The exceptional catalytic activity of bimetallic or trimetallic catalysts has been demonstrated in various reactions. However, in-depth understanding of the intricate metal-support interactions remains crucial yet challenging. Herein, a well-defined, highly active, Pt single-atom dominant Pt-Bi/TiO2 catalyst with mesoporous crystalline anatase structure was fabricated via an in situ one-pot evaporation-induced self-assembly method and employed for the base-free oxidation of biomass-derived 5-hydroxymethylfurfural (HMF) to value-added chemicals in aqueous media. Our findings demonstrate that Bi incorporation not only greatly reinforces the strong metal-support interaction between Pt and the support, but also benefits the Pt distribution, enabling the formation of single-atom Pt-O-Bi bonding, characterized by high-angle annular dark-field scanning transmission electron microscopy, X-ray photoelectron spectroscopy, carbon monoxide diffuse reflectance infrared Fourier transform spectroscopy and X-ray absorption spectroscopy analysis. Additionally, Bi incorporation results in remarkable increases in the catalyst's surface area and concentration of surface oxygen vacancies compared to the Pt/TiO2 counterpart.
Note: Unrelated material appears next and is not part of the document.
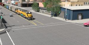 A UP Local Frieght makes its way down 9th Street in Modesto CA on March 26th, 1999.

The changes in both geometric and electronic structures of the catalyst induced by Bi incorporation effectively reduce the dissociation energy of O2 into active oxygen species, the adsorption energy of HMF, as well as the activation barrier for its conversion to 2,5-diformylfuran, ultimately resulting in a significant enhancement in the conversion rate of HMF. These findings provide valuable insights into the rational design of efficient catalysts for biomass valorization.